Эми Паркер, как и полагалось, взяла у него печенье, и он услышал, как оно ссыпается в какую-то жестянку – слишком быстро и слишком решительно.
– Бедняжка Долл, – сказала жена. – Такая добрая душа. Подумать только, испекла это печенье. А мне даже ничего не сказала. Наверно, влюбилась в тебя, Стэн, эти старые девы вечно в кого-то влюбляются.
Было слышно, как она трет руки, избавляясь от прилипших корявых крупинок сахара.
Но Стэн Паркер еще долго думал о Долл Квигли, о ее молчаливом, ясном присутствии, не признававшем силу мутных потоков времени. Может, это от неведения. А может, воля божья понятна некоторым старым женщинам, монахиням и слабоумным. Временами Стэн Паркер совсем отупевал от непроходимой путаницы в самом себе. А иногда душа его невольно раскрывалась, как в тот день под взглядом Долл Квигли. И тогда он начинал смотреть на свои что-то мастерившие руки, или вспоминал лицо старухи в разрушенной церкви, или дерево, в которое угодил снаряд, когда на нем стали развертываться первые острые листочки.
Раза два после возвращения Стэна Паркера в Дьюрилгей приезжали Армстронги. У них, видимо, все пошло вкривь и вкось. Они приезжали в автомобиле на высоких колесах и не останавливались поговорить со встречными – не из гордости, а потому, что предпочитали нигде не задерживаться подолгу. Когда погиб молодой Том Армстронг – он был лейтенантом, упоминался в официальных сообщениях, имел награды, и о его смерти писали в газетах, – со стариком случилось что-то вроде удара, и теперь лицо у него было перекошено. Старый Армстронг вызывал жалость. Он сидел в зеленом автомобиле с медной змейкой, которая вилась вдоль борта и как бы предостерегала он сидел в своей плоской кепке, в пальто из добротного английского твида и смотрел прямо перед собой, если только жена не толкала его локтем, когда нужно было узнать кого-то или что-то. Тогда он слегка приподнимал руку в знак приветствия, которое каждый, кто хотел, мог принять на свой счет. Старому Армстронгу это было безразлично. Кожа на пальцах его омертвевшей руки собралась застывшими складками.

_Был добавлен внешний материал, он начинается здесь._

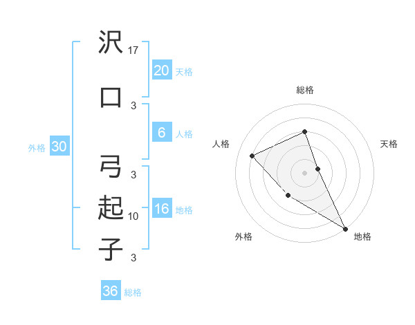 沢口 弓起子さんを姓名の画数から五運を鑑定
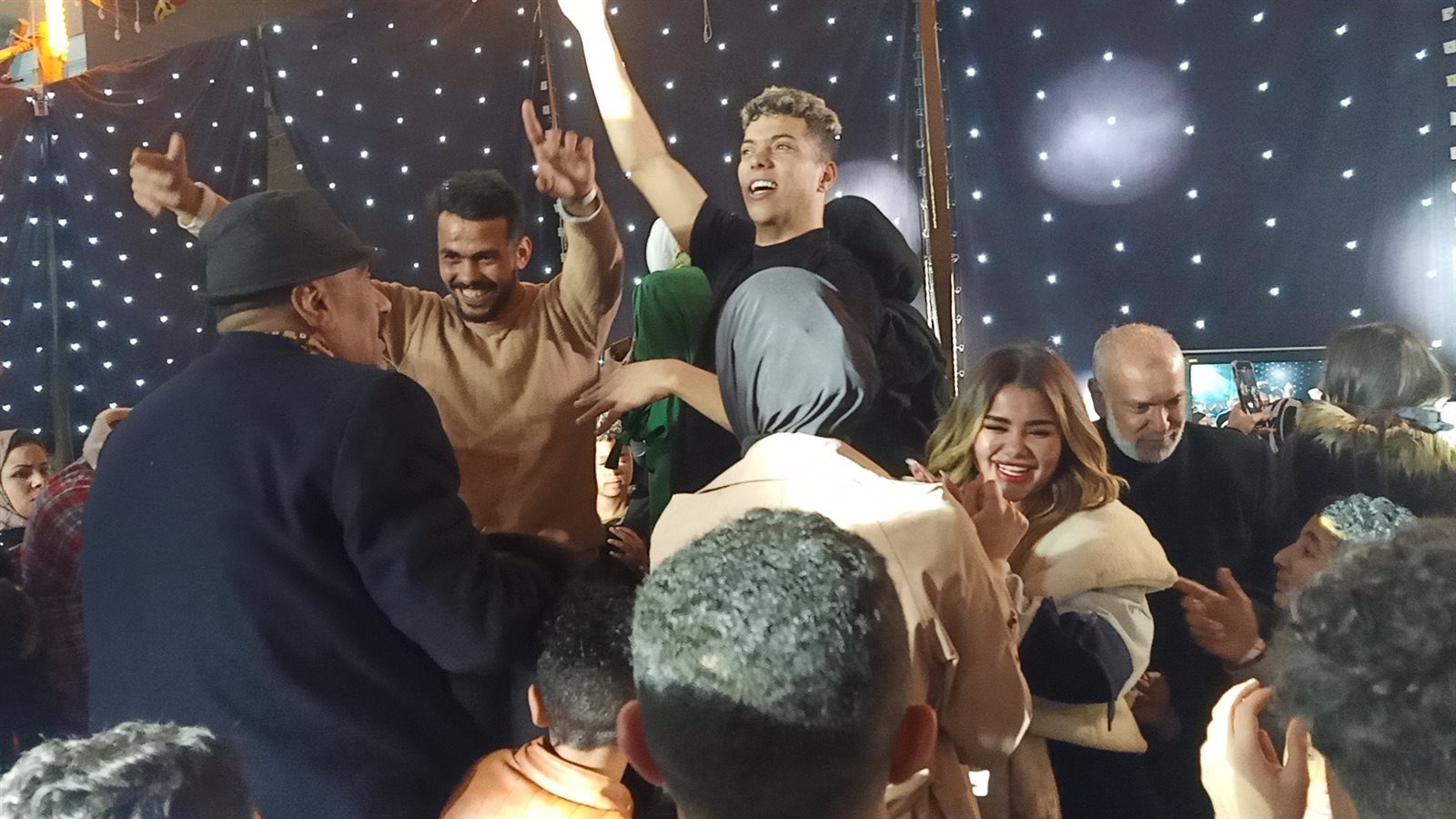 وتعالت الأغاني وإطلاق الشماريخ والزغاريد ودخل الشباب والفتيات في وصلات رقص هستيري.. وكانت ياسمين حافظ احتفلت بخطبتها لإمام عاشور في الأسبوع الأول من يناير الماضي.

Его жена, впрочем, не лишена была своего рода живости, напоминающей колыхавшуюся кукурузу. Волосы у нее свисали с головы, точно кукурузный «шелк» с початка, и казались каким-то сырым растительным веществом по сравнению с ее суховатыми, но всегда уместными жестами. Она стала улыбаться, когда муж тоже обрел такую способность, и любила поговорить о кратких, благополучно кончающихся болезнях или пустяковых операциях, после которых отдыхаешь среди гвоздик и винограда.
Приезжая в Дьюрилгей, Армстронги наведывались в Глэстонбери, где они теперь не жили, ибо дом так и не был закончен.

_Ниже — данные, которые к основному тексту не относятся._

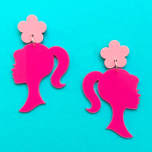 Retro Doll Silhouette Pink Drop Earrings
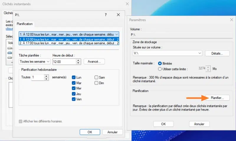 Il nous reste à configurer la planification, en cliquant sur "Planifier". Il est possible de créer une multitude de déclencheurs pour créer des clichés instantanés de ce volume. La liste déroulante affiche l'ensemble des tâches planifiées de ce volume : il ne s'agit pas de choisir.
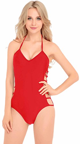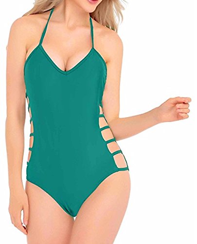 | Womens One Piece Sexy Plunge Neck Strappy Swimsuit Swimwear Monokini |

Когда пришло известие о смерти молодого Тома, рабочих распустили, и лестница по-прежнему вела в небо, известковый раствор окаменел в бочках, а кирпич темными ночами постепенно растаскивали местные жители. Старики Армстронги делали круг-другой по запущенному саду, плотнее запахивая на себе одежду, будто от этого могли стать неузнаваемыми, а миссис Армстронг все еще разглядывала следы страшного пожара, долго стояла там, где когда-то вместо чертополоха и мышиного горошка были цветочные клумбы, и виновато обрывала горстями головки расцветших роз. Полные горсти ее собственных роз. Она рвала неторопливо и никак не могла остановиться, словно это были чьи-то чужие цветы, в которых она отчаянно нуждалась. Потом Армстронги ехали в автомобиле обратно, так как в Глэстонбери, на холме, послеполуденный ветер был для них вреден. Они сидели, чувствуя ломоту в ногах, прикрытых шотландским пледом, а розы увядали на коленях у старухи, и иногда она выбрасывала их из машины, недоумевая, зачем она срывала поникшие головки этих одичавших роз.
Однажды у Стэна Паркера появился повод пойти в Глэстонбери – он разыскивал большую хохлатую утку, которая улетела со двора потому, что они так и не собрались подрезать ей крылья, хотя толковали об этом не раз. Утка взяла курс прямо на Глэстонбери, где ей предстояло красться и прятаться в зарослях, испытывать всевозможные страхи и страдать от стихий только для того, чтобы сохранить иллюзию свободы. Стэн Паркер пустился в погоню вверх по холму, продираясь сквозь высокий бурьян так, что семена летели в стороны, а утка, изящно ныряя, плыла в воздухе. Где-то на пути росла одичавшая капуста. Под ногами пахло гнилью.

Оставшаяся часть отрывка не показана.